◆ Records provided
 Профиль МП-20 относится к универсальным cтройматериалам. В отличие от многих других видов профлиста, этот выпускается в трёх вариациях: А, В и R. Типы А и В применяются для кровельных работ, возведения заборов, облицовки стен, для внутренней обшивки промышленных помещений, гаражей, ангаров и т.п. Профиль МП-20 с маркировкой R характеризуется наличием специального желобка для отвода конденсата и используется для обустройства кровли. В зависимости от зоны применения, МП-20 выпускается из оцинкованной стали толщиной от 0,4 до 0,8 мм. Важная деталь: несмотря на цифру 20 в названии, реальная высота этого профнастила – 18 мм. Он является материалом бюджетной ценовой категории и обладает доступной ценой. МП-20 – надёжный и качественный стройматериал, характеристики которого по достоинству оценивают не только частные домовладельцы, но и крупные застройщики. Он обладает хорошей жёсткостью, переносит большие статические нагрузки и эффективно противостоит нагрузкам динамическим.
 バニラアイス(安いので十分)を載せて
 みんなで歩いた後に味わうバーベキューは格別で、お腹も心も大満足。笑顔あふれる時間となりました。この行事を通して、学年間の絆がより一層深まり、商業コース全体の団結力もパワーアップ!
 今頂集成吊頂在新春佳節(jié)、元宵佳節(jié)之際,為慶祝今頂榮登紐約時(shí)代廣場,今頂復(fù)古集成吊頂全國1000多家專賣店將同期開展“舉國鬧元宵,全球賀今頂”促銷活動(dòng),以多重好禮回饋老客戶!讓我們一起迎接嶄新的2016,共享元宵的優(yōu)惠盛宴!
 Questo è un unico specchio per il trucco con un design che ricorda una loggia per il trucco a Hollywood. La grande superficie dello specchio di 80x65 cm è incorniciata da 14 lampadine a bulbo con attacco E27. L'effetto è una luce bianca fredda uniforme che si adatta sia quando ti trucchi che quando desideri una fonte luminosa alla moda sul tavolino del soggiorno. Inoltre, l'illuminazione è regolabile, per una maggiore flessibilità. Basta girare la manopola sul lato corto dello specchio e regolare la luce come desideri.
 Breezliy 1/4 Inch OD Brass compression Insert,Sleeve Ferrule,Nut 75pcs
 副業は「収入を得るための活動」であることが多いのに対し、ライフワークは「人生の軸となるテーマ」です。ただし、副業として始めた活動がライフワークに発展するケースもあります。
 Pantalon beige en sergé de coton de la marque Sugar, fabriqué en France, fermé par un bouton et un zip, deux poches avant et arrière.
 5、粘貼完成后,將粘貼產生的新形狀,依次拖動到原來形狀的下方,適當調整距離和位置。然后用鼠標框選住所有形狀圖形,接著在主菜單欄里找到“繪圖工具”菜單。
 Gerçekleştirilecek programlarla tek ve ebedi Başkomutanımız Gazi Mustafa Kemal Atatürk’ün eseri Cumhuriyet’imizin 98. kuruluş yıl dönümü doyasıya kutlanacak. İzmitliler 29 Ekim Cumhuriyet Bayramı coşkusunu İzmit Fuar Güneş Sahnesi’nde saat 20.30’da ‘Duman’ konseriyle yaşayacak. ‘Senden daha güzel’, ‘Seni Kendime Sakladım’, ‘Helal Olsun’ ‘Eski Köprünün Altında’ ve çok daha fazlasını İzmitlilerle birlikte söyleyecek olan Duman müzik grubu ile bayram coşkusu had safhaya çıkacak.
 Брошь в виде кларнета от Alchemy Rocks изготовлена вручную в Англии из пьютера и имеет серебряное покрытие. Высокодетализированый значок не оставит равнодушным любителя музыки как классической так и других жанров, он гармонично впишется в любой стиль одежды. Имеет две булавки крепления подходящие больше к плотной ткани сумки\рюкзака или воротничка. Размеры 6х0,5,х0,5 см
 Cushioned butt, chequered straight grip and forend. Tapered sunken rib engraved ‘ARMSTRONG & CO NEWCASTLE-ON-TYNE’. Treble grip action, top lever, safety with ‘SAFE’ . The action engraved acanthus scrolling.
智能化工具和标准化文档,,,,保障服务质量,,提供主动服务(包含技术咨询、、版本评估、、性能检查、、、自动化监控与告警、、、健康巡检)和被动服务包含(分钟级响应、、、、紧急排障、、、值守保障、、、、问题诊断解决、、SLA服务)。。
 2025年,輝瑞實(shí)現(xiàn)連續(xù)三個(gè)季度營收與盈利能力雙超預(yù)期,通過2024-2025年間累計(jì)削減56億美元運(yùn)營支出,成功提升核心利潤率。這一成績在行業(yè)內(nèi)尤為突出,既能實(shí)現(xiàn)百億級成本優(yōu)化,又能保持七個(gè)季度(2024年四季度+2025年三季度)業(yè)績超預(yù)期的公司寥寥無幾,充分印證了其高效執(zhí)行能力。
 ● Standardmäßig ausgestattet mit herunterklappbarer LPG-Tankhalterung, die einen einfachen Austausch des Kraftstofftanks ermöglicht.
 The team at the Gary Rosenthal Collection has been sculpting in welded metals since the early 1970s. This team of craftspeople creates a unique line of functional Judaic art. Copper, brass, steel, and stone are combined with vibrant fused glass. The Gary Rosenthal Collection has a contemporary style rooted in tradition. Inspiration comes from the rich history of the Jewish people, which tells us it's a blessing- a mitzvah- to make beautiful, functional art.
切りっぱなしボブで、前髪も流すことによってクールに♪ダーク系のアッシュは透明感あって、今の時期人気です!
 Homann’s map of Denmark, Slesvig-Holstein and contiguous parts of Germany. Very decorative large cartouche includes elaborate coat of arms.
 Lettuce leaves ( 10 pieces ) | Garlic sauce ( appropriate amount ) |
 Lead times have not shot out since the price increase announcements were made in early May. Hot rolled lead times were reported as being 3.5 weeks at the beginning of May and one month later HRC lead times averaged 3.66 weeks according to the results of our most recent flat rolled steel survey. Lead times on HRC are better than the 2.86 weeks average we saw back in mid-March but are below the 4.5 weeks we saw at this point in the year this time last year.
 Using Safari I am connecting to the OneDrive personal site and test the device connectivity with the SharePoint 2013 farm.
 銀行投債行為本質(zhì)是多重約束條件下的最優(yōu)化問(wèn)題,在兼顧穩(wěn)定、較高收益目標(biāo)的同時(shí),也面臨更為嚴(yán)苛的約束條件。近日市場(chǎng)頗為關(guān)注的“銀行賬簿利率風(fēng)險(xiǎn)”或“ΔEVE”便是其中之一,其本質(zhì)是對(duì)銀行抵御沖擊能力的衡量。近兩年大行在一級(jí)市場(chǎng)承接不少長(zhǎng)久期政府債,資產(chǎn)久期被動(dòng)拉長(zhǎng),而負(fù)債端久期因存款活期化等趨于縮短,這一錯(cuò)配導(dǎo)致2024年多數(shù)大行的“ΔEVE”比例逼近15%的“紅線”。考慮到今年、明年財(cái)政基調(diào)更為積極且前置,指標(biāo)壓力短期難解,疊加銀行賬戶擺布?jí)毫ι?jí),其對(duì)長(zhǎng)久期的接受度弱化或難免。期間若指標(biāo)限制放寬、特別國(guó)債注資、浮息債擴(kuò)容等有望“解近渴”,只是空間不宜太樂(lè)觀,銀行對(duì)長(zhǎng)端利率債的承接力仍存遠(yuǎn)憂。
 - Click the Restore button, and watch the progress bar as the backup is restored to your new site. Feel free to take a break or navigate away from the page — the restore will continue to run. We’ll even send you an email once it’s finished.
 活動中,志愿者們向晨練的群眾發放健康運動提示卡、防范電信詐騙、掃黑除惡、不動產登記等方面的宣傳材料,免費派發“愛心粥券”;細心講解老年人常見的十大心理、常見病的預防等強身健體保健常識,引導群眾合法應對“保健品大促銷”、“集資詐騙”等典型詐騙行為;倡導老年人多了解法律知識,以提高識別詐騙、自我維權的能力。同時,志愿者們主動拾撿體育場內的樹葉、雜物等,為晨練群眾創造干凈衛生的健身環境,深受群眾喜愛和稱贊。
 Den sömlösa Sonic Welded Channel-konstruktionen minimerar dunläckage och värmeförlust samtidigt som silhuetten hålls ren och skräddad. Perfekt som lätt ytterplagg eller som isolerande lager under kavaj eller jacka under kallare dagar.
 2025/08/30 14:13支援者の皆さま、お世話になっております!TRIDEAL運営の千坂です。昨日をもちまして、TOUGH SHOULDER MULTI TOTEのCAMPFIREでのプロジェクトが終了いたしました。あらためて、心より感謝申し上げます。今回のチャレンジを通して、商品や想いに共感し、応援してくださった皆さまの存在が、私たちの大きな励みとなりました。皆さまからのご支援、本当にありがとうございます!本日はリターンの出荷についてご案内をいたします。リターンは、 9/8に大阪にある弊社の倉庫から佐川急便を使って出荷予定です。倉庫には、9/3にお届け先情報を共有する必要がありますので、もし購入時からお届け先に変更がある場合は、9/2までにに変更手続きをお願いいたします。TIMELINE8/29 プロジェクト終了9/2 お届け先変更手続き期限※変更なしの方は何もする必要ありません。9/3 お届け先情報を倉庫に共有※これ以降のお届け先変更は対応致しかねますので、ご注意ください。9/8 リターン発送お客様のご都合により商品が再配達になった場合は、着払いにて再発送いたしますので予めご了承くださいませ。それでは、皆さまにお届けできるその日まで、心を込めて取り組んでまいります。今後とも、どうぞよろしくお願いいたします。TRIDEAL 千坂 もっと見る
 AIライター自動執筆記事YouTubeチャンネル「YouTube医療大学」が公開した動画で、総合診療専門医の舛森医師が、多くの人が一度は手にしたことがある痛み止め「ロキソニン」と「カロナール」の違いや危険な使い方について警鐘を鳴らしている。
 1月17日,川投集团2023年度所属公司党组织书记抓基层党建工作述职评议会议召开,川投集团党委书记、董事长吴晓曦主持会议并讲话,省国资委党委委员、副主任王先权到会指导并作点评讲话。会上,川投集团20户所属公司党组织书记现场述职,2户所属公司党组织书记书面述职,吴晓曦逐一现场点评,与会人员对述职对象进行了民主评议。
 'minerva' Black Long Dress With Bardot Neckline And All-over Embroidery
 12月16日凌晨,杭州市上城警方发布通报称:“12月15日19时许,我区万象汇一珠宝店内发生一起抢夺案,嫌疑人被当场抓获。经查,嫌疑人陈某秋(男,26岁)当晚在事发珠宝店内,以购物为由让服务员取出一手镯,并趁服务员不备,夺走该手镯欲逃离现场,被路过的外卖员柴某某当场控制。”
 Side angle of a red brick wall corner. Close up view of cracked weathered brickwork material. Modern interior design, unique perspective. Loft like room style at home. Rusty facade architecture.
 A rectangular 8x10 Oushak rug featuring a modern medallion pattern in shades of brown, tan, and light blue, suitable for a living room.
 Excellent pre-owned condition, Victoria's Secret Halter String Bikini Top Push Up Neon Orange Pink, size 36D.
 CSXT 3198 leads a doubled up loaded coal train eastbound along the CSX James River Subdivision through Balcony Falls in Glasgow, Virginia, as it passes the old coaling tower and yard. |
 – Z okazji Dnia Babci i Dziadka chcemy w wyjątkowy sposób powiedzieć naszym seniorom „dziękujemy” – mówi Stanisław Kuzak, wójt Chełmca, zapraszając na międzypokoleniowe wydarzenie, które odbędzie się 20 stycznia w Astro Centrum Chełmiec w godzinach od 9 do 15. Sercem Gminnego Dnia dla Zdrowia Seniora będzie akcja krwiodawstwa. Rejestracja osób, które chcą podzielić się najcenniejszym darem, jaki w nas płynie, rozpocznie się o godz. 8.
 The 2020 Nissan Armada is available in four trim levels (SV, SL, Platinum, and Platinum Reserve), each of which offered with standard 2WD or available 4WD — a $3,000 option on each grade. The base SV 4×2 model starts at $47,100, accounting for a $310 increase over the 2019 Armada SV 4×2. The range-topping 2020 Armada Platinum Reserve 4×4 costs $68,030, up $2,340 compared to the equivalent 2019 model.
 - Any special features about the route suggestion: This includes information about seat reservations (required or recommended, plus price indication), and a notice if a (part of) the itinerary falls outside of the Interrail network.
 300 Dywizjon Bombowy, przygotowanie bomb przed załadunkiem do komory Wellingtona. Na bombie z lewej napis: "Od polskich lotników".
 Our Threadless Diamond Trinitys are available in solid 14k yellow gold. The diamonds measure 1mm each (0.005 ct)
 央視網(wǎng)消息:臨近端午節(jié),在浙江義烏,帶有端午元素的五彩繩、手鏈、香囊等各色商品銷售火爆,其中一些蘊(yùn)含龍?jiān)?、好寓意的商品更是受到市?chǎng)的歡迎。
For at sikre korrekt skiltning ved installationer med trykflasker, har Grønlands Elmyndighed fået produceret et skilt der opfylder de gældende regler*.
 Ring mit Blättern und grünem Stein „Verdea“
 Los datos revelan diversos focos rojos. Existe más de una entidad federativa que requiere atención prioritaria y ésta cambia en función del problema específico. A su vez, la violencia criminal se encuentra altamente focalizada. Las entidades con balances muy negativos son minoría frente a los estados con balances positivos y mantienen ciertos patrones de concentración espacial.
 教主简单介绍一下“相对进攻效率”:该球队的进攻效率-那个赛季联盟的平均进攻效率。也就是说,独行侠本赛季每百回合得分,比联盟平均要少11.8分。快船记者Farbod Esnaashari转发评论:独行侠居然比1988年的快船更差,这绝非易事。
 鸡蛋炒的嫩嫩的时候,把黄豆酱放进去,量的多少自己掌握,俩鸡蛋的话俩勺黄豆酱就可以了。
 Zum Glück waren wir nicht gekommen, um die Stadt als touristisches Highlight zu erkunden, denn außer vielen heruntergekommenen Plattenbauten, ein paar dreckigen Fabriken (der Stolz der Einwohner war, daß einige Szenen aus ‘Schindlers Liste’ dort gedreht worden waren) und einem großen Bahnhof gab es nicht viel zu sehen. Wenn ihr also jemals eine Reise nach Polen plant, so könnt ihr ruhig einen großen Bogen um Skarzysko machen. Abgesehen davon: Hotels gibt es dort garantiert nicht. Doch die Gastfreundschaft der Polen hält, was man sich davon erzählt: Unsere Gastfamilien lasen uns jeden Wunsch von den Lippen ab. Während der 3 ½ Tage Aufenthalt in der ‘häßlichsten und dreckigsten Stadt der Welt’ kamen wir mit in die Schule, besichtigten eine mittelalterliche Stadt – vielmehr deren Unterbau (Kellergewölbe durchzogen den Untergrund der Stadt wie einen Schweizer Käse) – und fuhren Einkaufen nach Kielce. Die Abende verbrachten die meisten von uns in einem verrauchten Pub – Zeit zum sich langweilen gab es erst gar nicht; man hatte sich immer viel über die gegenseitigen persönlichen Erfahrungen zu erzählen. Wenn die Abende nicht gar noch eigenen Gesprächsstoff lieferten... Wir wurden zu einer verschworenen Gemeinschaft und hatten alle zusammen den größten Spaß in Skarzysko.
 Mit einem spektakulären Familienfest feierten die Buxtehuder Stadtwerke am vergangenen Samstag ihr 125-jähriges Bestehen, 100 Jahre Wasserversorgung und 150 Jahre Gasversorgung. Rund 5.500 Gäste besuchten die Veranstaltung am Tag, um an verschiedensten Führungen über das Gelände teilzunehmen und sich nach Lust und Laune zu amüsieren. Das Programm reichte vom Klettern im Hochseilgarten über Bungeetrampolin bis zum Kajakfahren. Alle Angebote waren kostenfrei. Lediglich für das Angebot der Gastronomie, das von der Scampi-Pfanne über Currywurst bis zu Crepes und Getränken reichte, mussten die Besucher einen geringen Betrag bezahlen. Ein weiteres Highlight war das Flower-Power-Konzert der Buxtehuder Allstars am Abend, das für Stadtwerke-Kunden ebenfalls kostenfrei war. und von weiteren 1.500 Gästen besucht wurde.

◆ Exercise requirements
The expected answer is every line in the data above that carries the string "since".

◆ Task response
 The team at the Gary Rosenthal Collection has been sculpting in welded metals since the early 1970s. This team of craftspeople creates a unique line of functional Judaic art. Copper, brass, steel, and stone are combined with vibrant fused glass. The Gary Rosenthal Collection has a contemporary style rooted in tradition. Inspiration comes from the rich history of the Jewish people, which tells us it's a blessing- a mitzvah- to make beautiful, functional art.
 Lead times have not shot out since the price increase announcements were made in early May. Hot rolled lead times were reported as being 3.5 weeks at the beginning of May and one month later HRC lead times averaged 3.66 weeks according to the results of our most recent flat rolled steel survey. Lead times on HRC are better than the 2.86 weeks average we saw back in mid-March but are below the 4.5 weeks we saw at this point in the year this time last year.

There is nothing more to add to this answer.